Task data:

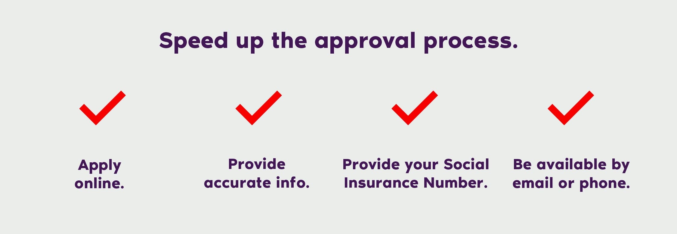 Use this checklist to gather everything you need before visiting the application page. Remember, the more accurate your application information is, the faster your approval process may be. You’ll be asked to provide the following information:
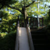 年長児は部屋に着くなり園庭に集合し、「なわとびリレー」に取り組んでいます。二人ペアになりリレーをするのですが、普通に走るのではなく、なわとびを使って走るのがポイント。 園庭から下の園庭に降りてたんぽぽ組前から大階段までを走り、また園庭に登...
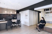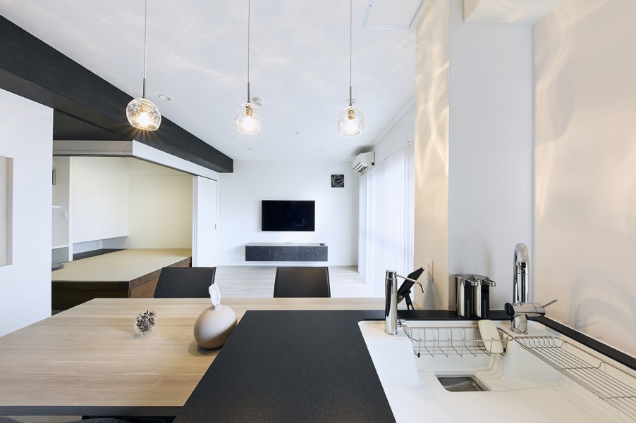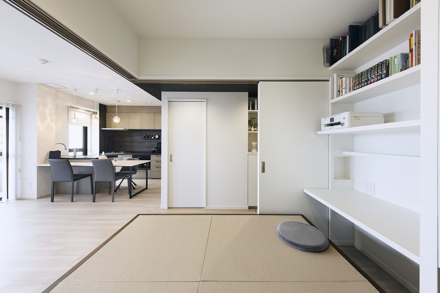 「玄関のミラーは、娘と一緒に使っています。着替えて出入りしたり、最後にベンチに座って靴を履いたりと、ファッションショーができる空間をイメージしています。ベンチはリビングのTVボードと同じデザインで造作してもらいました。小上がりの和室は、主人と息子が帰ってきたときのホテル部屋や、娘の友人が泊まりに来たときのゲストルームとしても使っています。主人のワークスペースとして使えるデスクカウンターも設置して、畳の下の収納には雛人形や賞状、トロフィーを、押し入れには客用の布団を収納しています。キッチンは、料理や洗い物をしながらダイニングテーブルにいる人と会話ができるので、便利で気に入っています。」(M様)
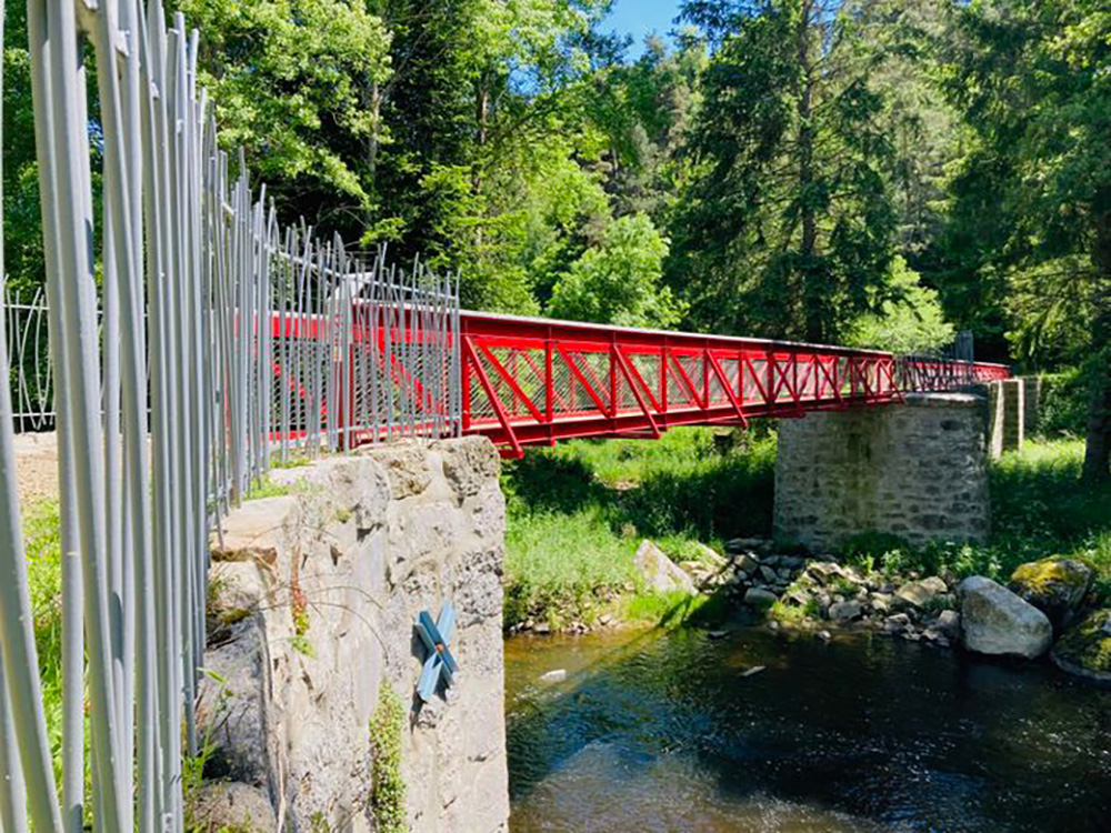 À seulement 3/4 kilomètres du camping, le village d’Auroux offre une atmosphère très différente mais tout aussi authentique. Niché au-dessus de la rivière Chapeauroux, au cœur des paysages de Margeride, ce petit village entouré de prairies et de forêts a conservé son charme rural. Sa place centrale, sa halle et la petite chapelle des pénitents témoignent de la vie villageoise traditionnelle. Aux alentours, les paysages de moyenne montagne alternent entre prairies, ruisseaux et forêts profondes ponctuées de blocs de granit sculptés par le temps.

* * *

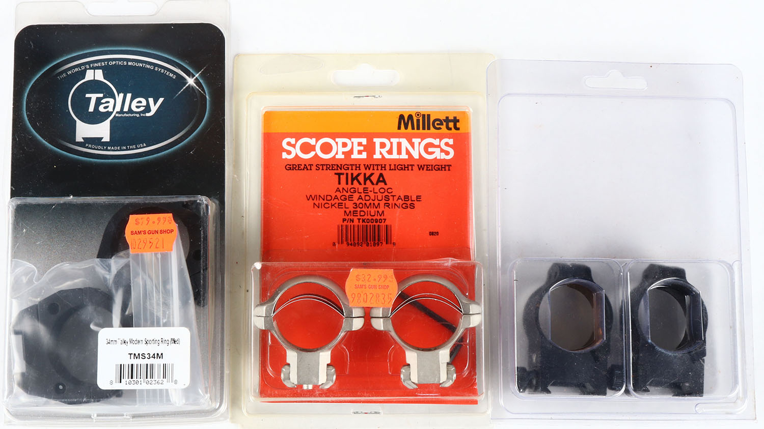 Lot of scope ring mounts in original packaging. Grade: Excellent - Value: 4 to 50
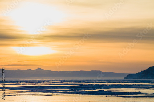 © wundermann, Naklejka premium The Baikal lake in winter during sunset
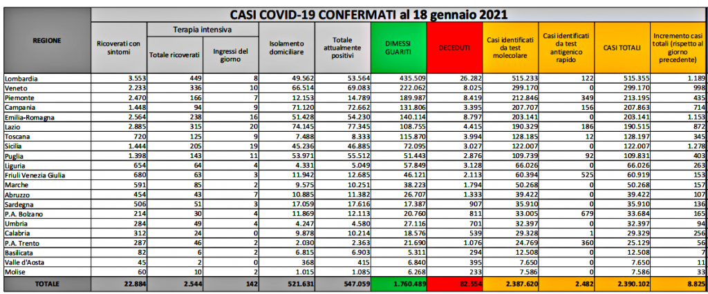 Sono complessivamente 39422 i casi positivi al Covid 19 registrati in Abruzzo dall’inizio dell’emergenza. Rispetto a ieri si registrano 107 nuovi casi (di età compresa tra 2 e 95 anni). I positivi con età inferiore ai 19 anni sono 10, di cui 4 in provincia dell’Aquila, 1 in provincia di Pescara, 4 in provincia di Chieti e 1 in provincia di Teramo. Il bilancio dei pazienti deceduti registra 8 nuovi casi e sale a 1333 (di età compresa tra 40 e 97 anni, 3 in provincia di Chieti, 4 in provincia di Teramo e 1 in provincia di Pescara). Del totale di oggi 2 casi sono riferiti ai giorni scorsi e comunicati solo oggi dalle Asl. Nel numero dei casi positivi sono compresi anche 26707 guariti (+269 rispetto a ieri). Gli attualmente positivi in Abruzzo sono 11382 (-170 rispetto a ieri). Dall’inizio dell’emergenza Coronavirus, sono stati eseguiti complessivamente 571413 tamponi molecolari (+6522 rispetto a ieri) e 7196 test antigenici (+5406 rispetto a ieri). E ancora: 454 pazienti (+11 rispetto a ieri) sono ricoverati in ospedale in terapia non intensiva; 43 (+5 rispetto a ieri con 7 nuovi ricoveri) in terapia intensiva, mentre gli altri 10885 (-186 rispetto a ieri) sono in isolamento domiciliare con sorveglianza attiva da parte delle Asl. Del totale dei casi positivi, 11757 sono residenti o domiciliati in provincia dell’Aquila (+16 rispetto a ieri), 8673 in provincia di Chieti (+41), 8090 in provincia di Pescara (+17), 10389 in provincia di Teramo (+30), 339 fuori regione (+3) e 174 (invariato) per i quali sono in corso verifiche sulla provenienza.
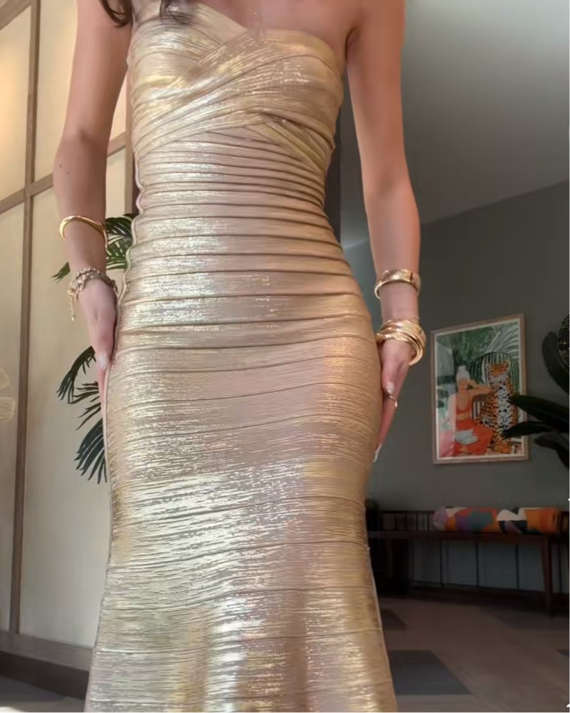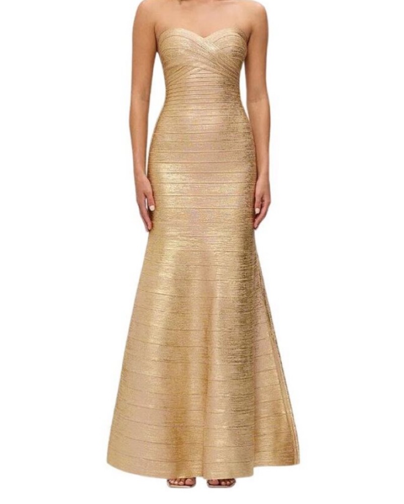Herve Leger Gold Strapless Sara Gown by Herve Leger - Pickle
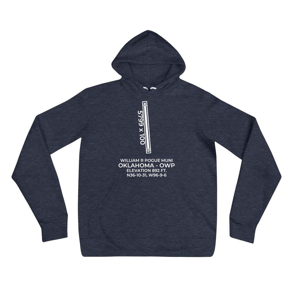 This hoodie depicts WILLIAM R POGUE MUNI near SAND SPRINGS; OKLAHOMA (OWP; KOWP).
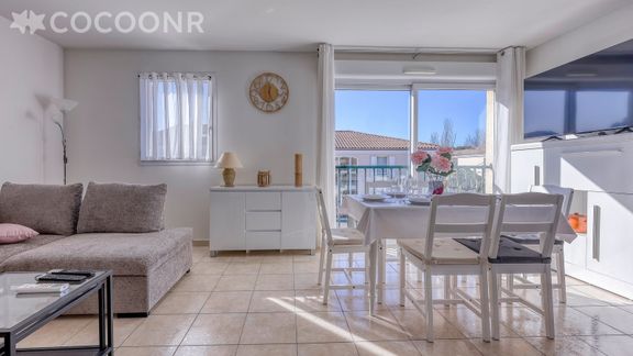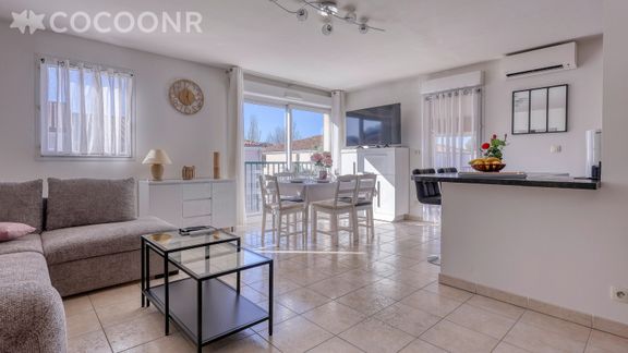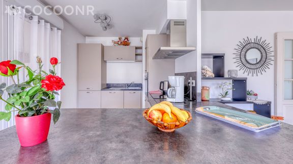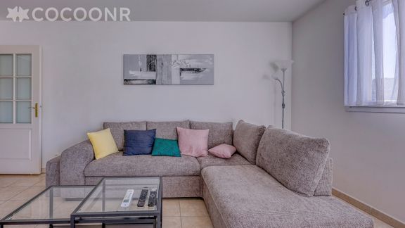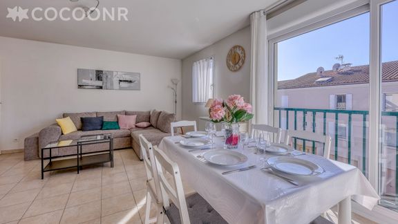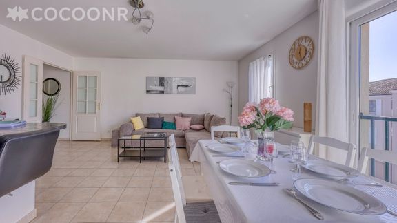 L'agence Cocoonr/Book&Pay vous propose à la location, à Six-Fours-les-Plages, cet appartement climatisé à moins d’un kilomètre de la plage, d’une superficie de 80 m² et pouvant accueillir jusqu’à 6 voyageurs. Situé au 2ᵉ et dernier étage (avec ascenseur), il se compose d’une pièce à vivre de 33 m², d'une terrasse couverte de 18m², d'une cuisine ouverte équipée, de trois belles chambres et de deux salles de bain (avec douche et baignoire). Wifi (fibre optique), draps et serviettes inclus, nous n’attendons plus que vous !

Work item: Beginning with the line above that contains "This hoodie depicts" and finishing with the line that contains "L'agence Cocoonr/Book&Pay vous", print those lines exactly and only. Skip all pictures.

Output of the exercise:
 This hoodie depicts WILLIAM R POGUE MUNI near SAND SPRINGS; OKLAHOMA (OWP; KOWP).
 L'agence Cocoonr/Book&Pay vous propose à la location, à Six-Fours-les-Plages, cet appartement climatisé à moins d’un kilomètre de la plage, d’une superficie de 80 m² et pouvant accueillir jusqu’à 6 voyageurs. Situé au 2ᵉ et dernier étage (avec ascenseur), il se compose d’une pièce à vivre de 33 m², d'une terrasse couverte de 18m², d'une cuisine ouverte équipée, de trois belles chambres et de deux salles de bain (avec douche et baignoire). Wifi (fibre optique), draps et serviettes inclus, nous n’attendons plus que vous !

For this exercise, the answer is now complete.